▶ [COLLECTED DATA]:
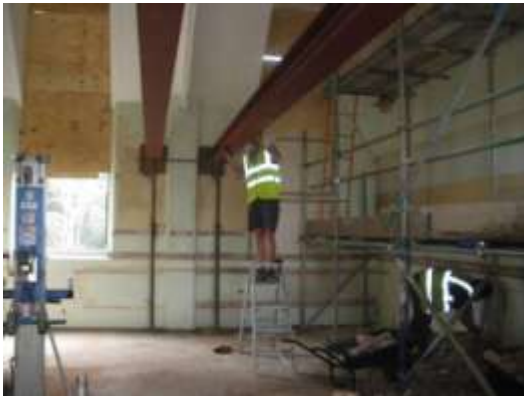
Steel girders put in place to support the new floor
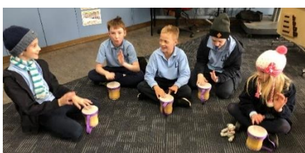
Composing a Melody for Two Little Sausages

Both LSU and LSUA classes actively participate in music lessons each week. LSUA senior students are learning to play the recorder.

▶ [WORK ORDER]:
Reproduce, exactly and with nothing added, the lines from the one that includes "Composing a Melody for Two Little Sausages" through the last line of the material.

▶ [ANSWER SECTION]:
Composing a Melody for Two Little Sausages

Both LSU and LSUA classes actively participate in music lessons each week. LSUA senior students are learning to play the recorder.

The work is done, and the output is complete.